# [Directions for this task]
Every record below, from first to last, should be copied exactly; leave the pictures out.

== Segment start ==

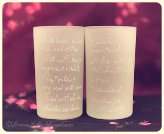 Mingi väike vimpka pidi asjal ikka sees ka olema ja nii ma lõin luuletuse lahku kahe klaasi peale, ühe klaasi peal oli luuletusest lause algused ja teisel lõpud, et kui klaasid kõrvuti asetada, siis saab ühe terviku ja saab lugeda tervet luuletust ühtselt :P
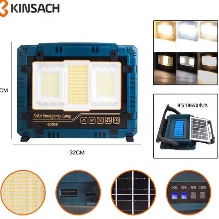 پروژکتور 800 وات W8121-2 یکی از پیشرفتهترین و کاربردیترین چراغهای شارژی خورشیدی موجود در بازار است که ترکیبی از قدرت نور فوقالعاده، طراحی مهندسیشده و امکانات چندمنظوره را در یک محصول جمعآوری کرده است. این دستگاه نه تنها یک پروژکتور پرقدرت است، بلکه به عنوان یک پاوربانک مطمئن نیز عمل میکند و در شرایط اضطراری امکان شارژ انواع دستگاههای دیجیتال را فراهم میسازد.این چراغ با طراحی ارگونومیک، وزن متناسب (2824 گرم) و ابعاد ایدهآل (370x315x125mm) بهراحتی قابل حمل بوده و برای محیطهای مختلف از جمله کمپینگ، سفر، کوهنوردی، باغ، کارگاه، پروژههای ساختمانی و شرایط اضطراری یک انتخاب ایدهآل محسوب میشود.
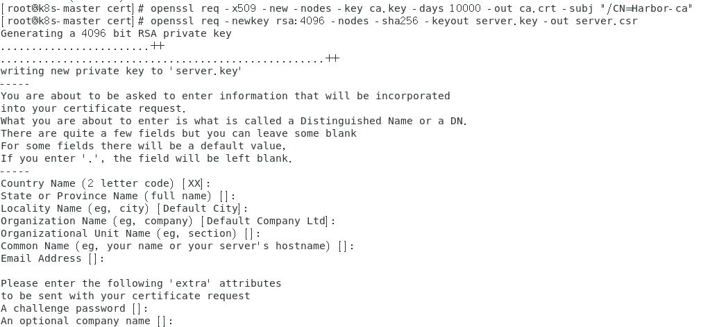 openssl req -x509 -new -nodes -key ca.key -days 10000 -out ca.crt -subj "/CN=Harbor-ca" req 产生证书签发申请命令 -x509 签发X.509格式证书命令。X.509是最通用的一种签名证书格式。 -new 生成证书请求 -key 指定私钥文件 -nodes 表示私钥不加密 -out 输出 -subj 指定用户信息 -days 有效期
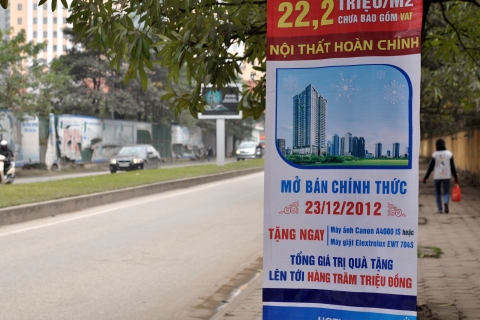 Chuyên gia Phạm Sỹ Liêm, Phó chủ tịch Tổng hội Xây dựng Việt Nam cho rằng việc phát các tờ rơi, băng rôn quảng cáo không chỉ do các đơn vị phân phối dự án.
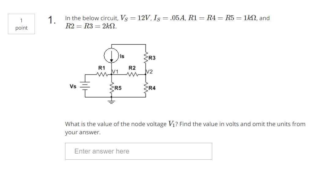 1 1. In the below circuit, Vs=12V, = Is = .05A, R1 - R4 - R5 - 1k...
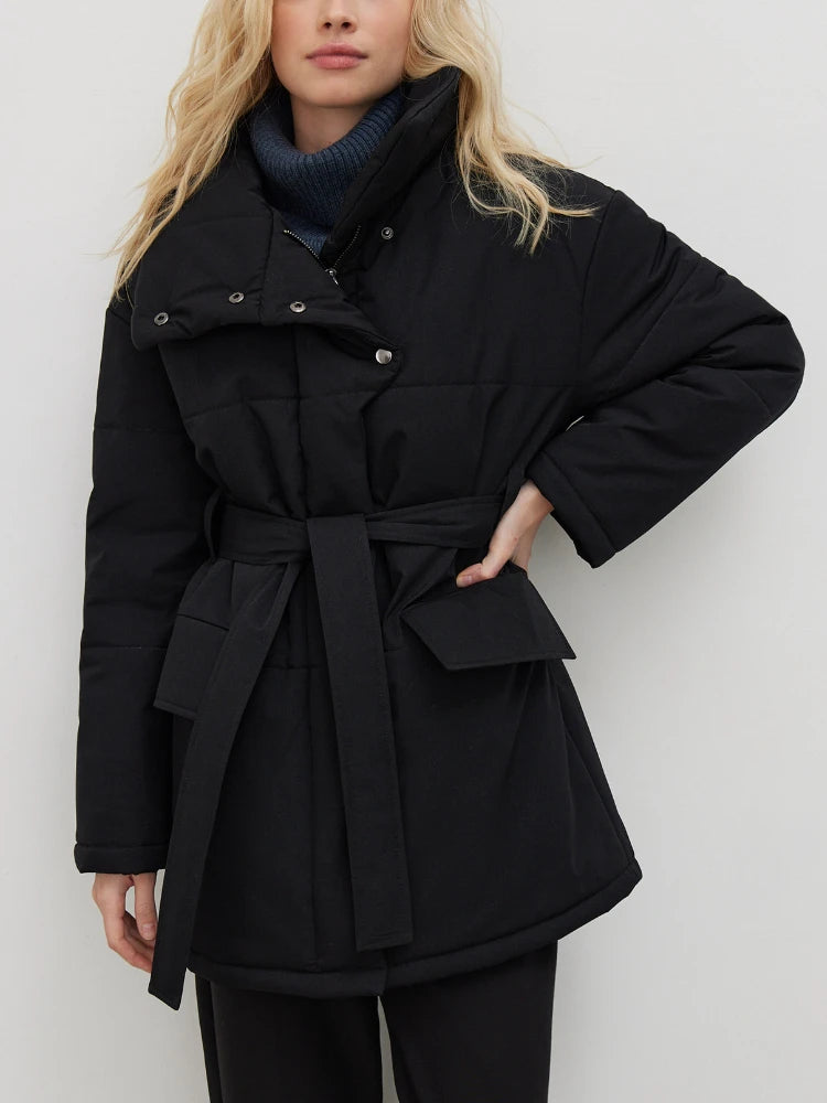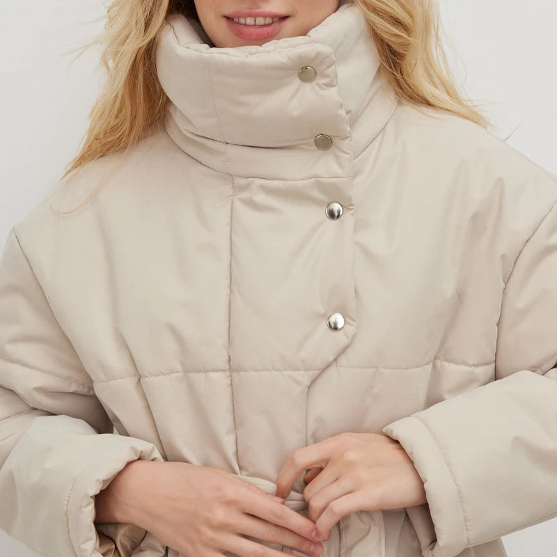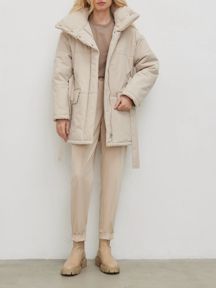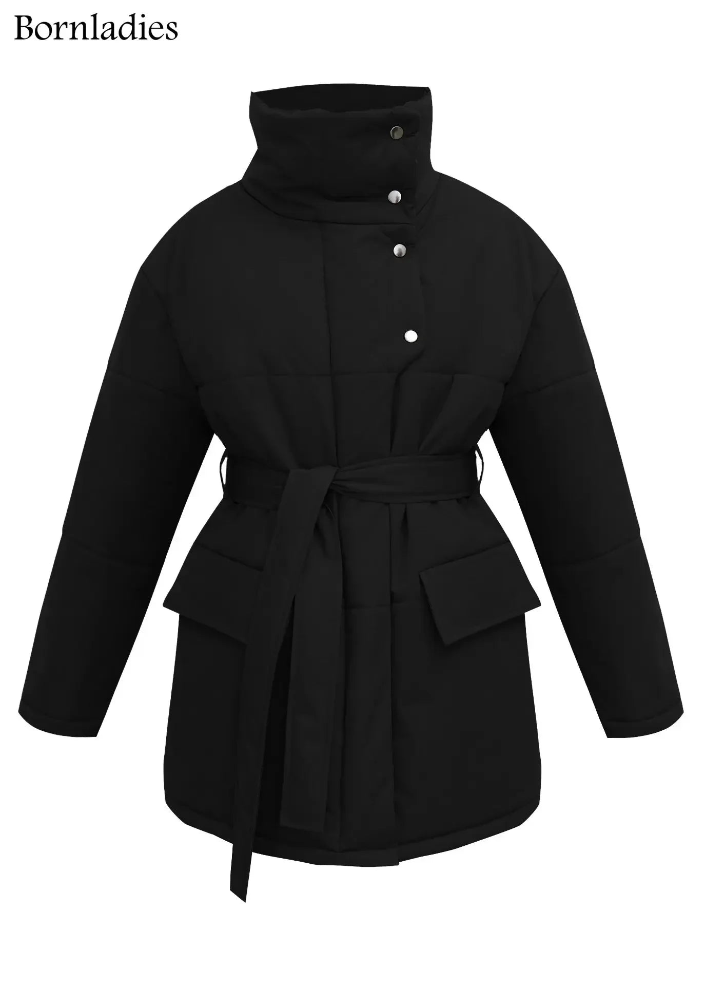 Bornladies Quilted Jacket Women Winter Loose Parkas Coat Vintage Belted
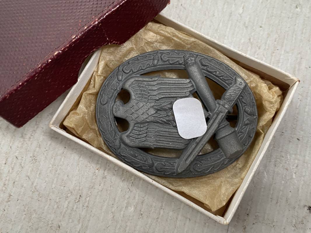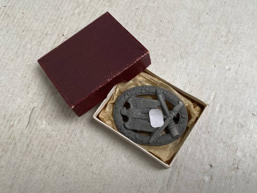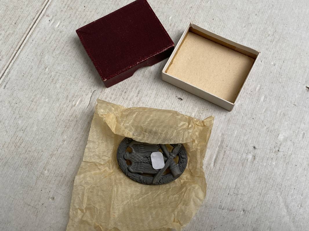 Très beau badge d'assaut général de la Wehrmacht. Très belle fabrication massive. Très beaux reliefs. Attache et crochet au dos. Marquage fabricant au dos GB 42 . Boitier en carton d'origine, papier soie d'origine. Trés bel ensemble en superbe état 1939/45 Ref 18936
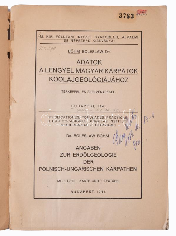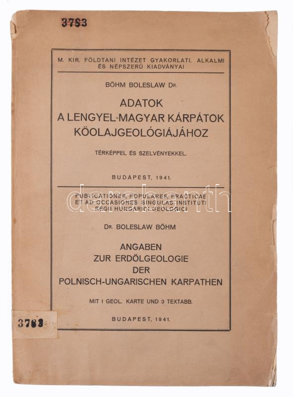 Dr. Böhm Boleslaw: Adatok a lengyel-magyar Kárpátok kőolajgeológiájához. Térképpel és szelvényekkel. Bp., 1914, M. Kir. Földtani Intézet. 34 p. + 1 kihajtható térképmelléklet. Kiadói sérült papírkötés, volt könyvtári példány.
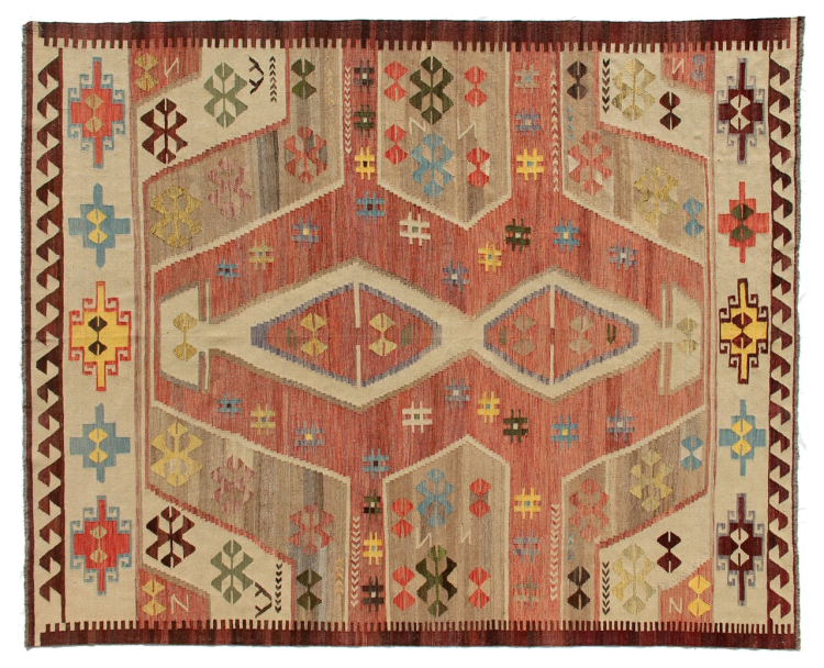 Denna matta tillverkas för hand på vävstolen som en platt väv. Flatweaves är mattor som inte har någon hög. Som namnet antyder är dessa mattor vävda och inte knutna. Detta resulterar i en platt matta med en strukturerad yta. Platta väver är inte så mjuka och mest tunnare än knutna mattor. Samtidigt är de betydligt mindre komplexa att tillverka och kan vanligtvis utformas från båda sidor (fram och bak). Deras mönster är vanligtvis geometriska, vilket beror på tyget.
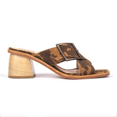 Sandalia. Material cuero vacuno print detalle de hebilla cuadrada al tono. Taco de madera Kiri y suela Altura de taco 5cm
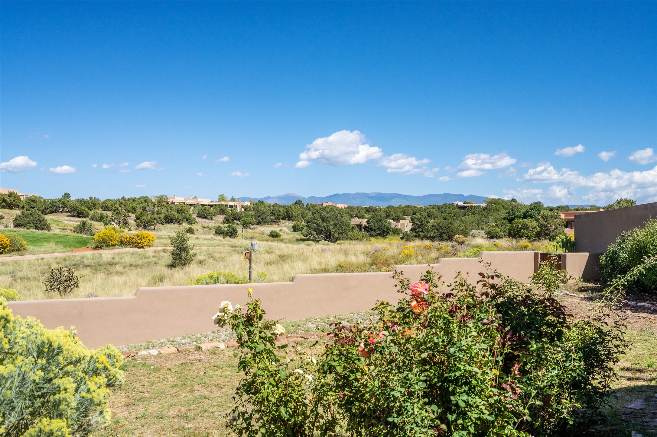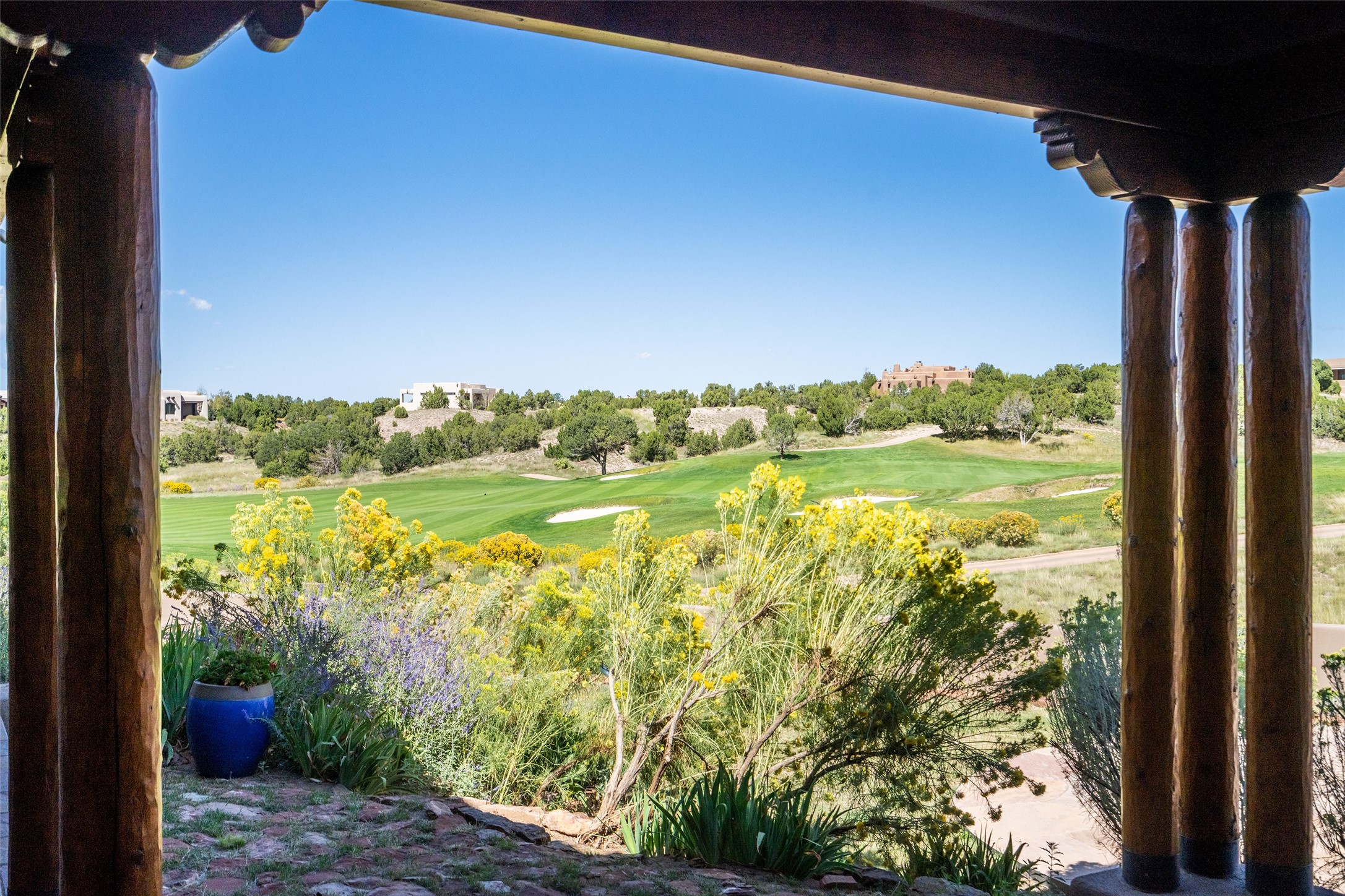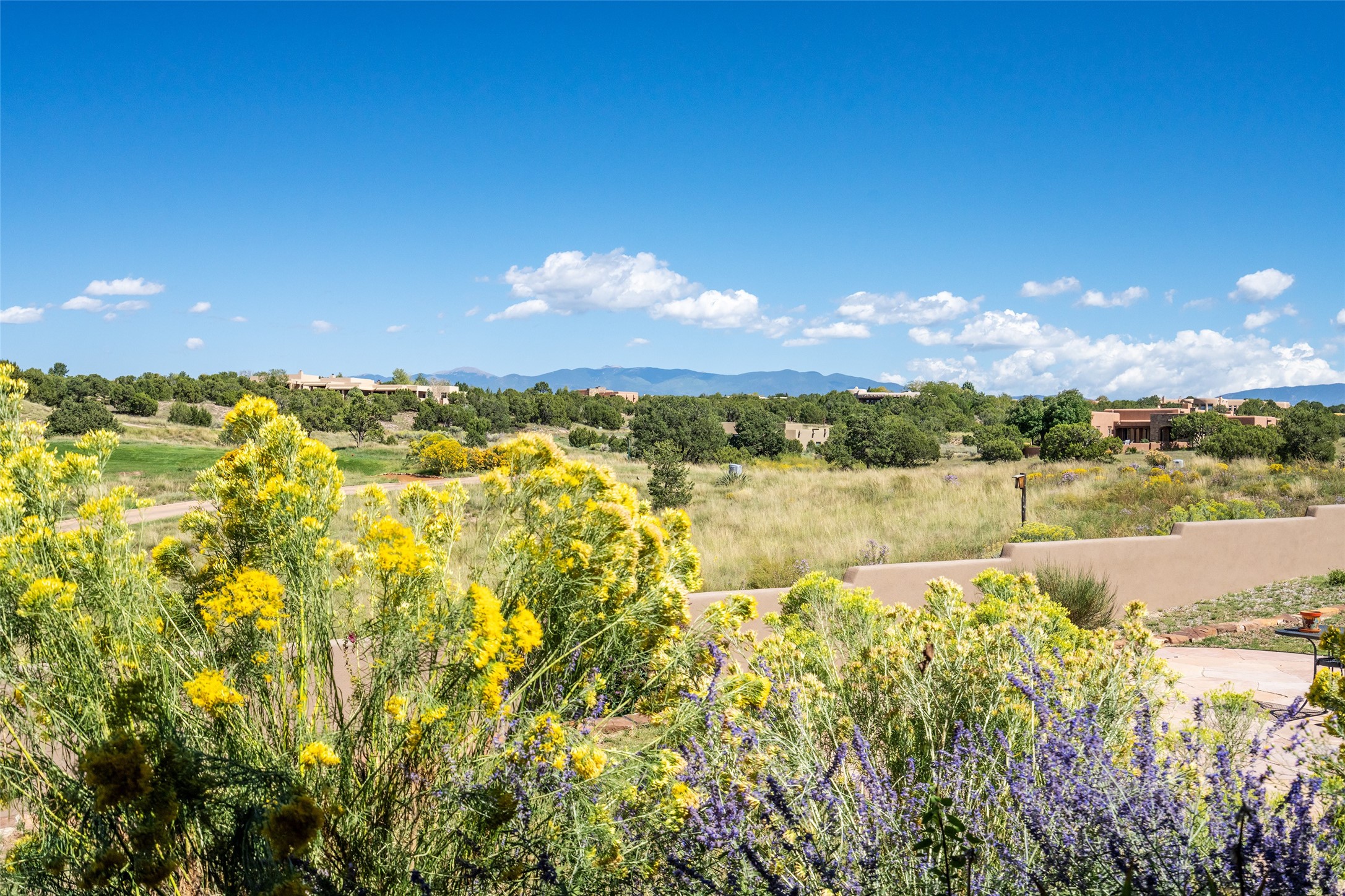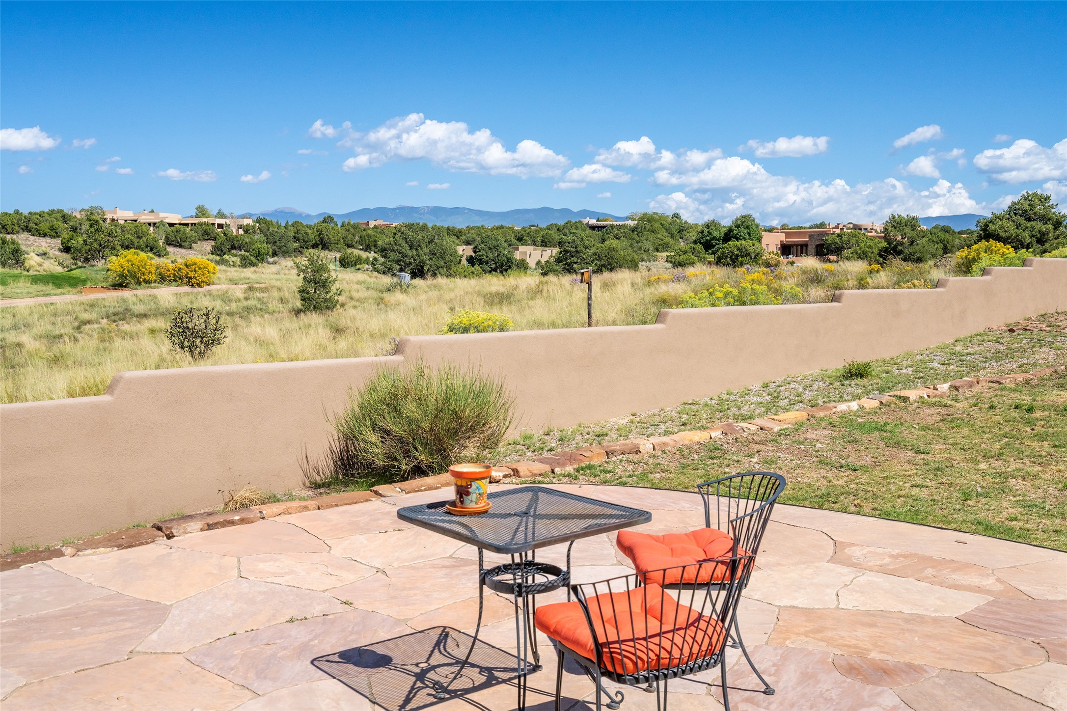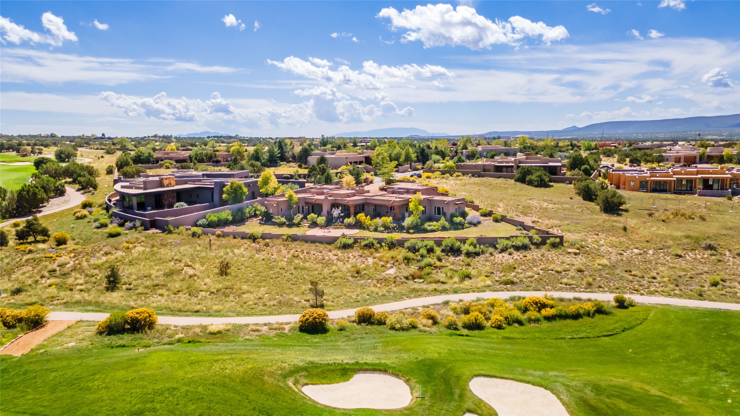 The Grand Trifecta of Santa Fe Living!! This exceptional Las Campanas residence delivers the ultimate blend of golf course living, panoramic mountain vistas, and timeless Santa Fe design. Perfectly sited on a quiet cul-de-sac overlooking the 8th hole of the Sunset Golf Course, the home showcases sweeping views of both the Sangre de Cristo and Jemez mountain ranges--truly some of the finest in Santa Fe. From the hand-laid stone driveway to the beautifully landscaped entry, the curb appeal sets the tone for what awaits inside. Rich Santa Fe character abounds with richly hued, hand-troweled plaster walls, an Anasazi stacked stone dual-sided fireplace, magnificent ceiling treatments including massive beams, vigas and wood ceilings, beautifully carved corbels, and elegant recessed ceiling details. Flagstone accents and custom craftsmanship flow seamlessly throughout. The thoughtfully designed floor plan encompasses three spacious ensuite bedrooms, each distinctly private. The primary suite is a retreat of its own, complete with a spa-like bath featuring dual vanities, a soaking tub, and French doors leading to the expansive portals. At the heart of the home, the chef's kitchen combines modern function with rustic warmth--offering custom cabinetry, granite counters, professional-grade appliances, a center island with five-burner cooktop, and a large pantry. The adjacent dining area captures both views and intimacy, anchored by the stone-trimmed two-sided fireplace. Outdoor living is elevated with a wrap-around portal, built-in grill, and unobstructed vistas of the golf course and surrounding mountains. From sunrise over the Sangres to sunsets over the Jemez, every moment here is a masterpiece. Whether as a perfect lock-and-leave getaway or a full-time residence, this rare offering blends masterful design, luxury, and location--Santa Fe living at its very best.

== Segment end ==

# [Task output]
 Mingi väike vimpka pidi asjal ikka sees ka olema ja nii ma lõin luuletuse lahku kahe klaasi peale, ühe klaasi peal oli luuletusest lause algused ja teisel lõpud, et kui klaasid kõrvuti asetada, siis saab ühe terviku ja saab lugeda tervet luuletust ühtselt :P
 پروژکتور 800 وات W8121-2 یکی از پیشرفتهترین و کاربردیترین چراغهای شارژی خورشیدی موجود در بازار است که ترکیبی از قدرت نور فوقالعاده، طراحی مهندسیشده و امکانات چندمنظوره را در یک محصول جمعآوری کرده است. این دستگاه نه تنها یک پروژکتور پرقدرت است، بلکه به عنوان یک پاوربانک مطمئن نیز عمل میکند و در شرایط اضطراری امکان شارژ انواع دستگاههای دیجیتال را فراهم میسازد.این چراغ با طراحی ارگونومیک، وزن متناسب (2824 گرم) و ابعاد ایدهآل (370x315x125mm) بهراحتی قابل حمل بوده و برای محیطهای مختلف از جمله کمپینگ، سفر، کوهنوردی، باغ، کارگاه، پروژههای ساختمانی و شرایط اضطراری یک انتخاب ایدهآل محسوب میشود.
 openssl req -x509 -new -nodes -key ca.key -days 10000 -out ca.crt -subj "/CN=Harbor-ca" req 产生证书签发申请命令 -x509 签发X.509格式证书命令。X.509是最通用的一种签名证书格式。 -new 生成证书请求 -key 指定私钥文件 -nodes 表示私钥不加密 -out 输出 -subj 指定用户信息 -days 有效期
 Chuyên gia Phạm Sỹ Liêm, Phó chủ tịch Tổng hội Xây dựng Việt Nam cho rằng việc phát các tờ rơi, băng rôn quảng cáo không chỉ do các đơn vị phân phối dự án.
 1 1. In the below circuit, Vs=12V, = Is = .05A, R1 - R4 - R5 - 1k...
 Bornladies Quilted Jacket Women Winter Loose Parkas Coat Vintage Belted
 Très beau badge d'assaut général de la Wehrmacht. Très belle fabrication massive. Très beaux reliefs. Attache et crochet au dos. Marquage fabricant au dos GB 42 . Boitier en carton d'origine, papier soie d'origine. Trés bel ensemble en superbe état 1939/45 Ref 18936
 Dr. Böhm Boleslaw: Adatok a lengyel-magyar Kárpátok kőolajgeológiájához. Térképpel és szelvényekkel. Bp., 1914, M. Kir. Földtani Intézet. 34 p. + 1 kihajtható térképmelléklet. Kiadói sérült papírkötés, volt könyvtári példány.
 Denna matta tillverkas för hand på vävstolen som en platt väv. Flatweaves är mattor som inte har någon hög. Som namnet antyder är dessa mattor vävda och inte knutna. Detta resulterar i en platt matta med en strukturerad yta. Platta väver är inte så mjuka och mest tunnare än knutna mattor. Samtidigt är de betydligt mindre komplexa att tillverka och kan vanligtvis utformas från båda sidor (fram och bak). Deras mönster är vanligtvis geometriska, vilket beror på tyget.
 Sandalia. Material cuero vacuno print detalle de hebilla cuadrada al tono. Taco de madera Kiri y suela Altura de taco 5cm
 The Grand Trifecta of Santa Fe Living!! This exceptional Las Campanas residence delivers the ultimate blend of golf course living, panoramic mountain vistas, and timeless Santa Fe design. Perfectly sited on a quiet cul-de-sac overlooking the 8th hole of the Sunset Golf Course, the home showcases sweeping views of both the Sangre de Cristo and Jemez mountain ranges--truly some of the finest in Santa Fe. From the hand-laid stone driveway to the beautifully landscaped entry, the curb appeal sets the tone for what awaits inside. Rich Santa Fe character abounds with richly hued, hand-troweled plaster walls, an Anasazi stacked stone dual-sided fireplace, magnificent ceiling treatments including massive beams, vigas and wood ceilings, beautifully carved corbels, and elegant recessed ceiling details. Flagstone accents and custom craftsmanship flow seamlessly throughout. The thoughtfully designed floor plan encompasses three spacious ensuite bedrooms, each distinctly private. The primary suite is a retreat of its own, complete with a spa-like bath featuring dual vanities, a soaking tub, and French doors leading to the expansive portals. At the heart of the home, the chef's kitchen combines modern function with rustic warmth--offering custom cabinetry, granite counters, professional-grade appliances, a center island with five-burner cooktop, and a large pantry. The adjacent dining area captures both views and intimacy, anchored by the stone-trimmed two-sided fireplace. Outdoor living is elevated with a wrap-around portal, built-in grill, and unobstructed vistas of the golf course and surrounding mountains. From sunrise over the Sangres to sunsets over the Jemez, every moment here is a masterpiece. Whether as a perfect lock-and-leave getaway or a full-time residence, this rare offering blends masterful design, luxury, and location--Santa Fe living at its very best.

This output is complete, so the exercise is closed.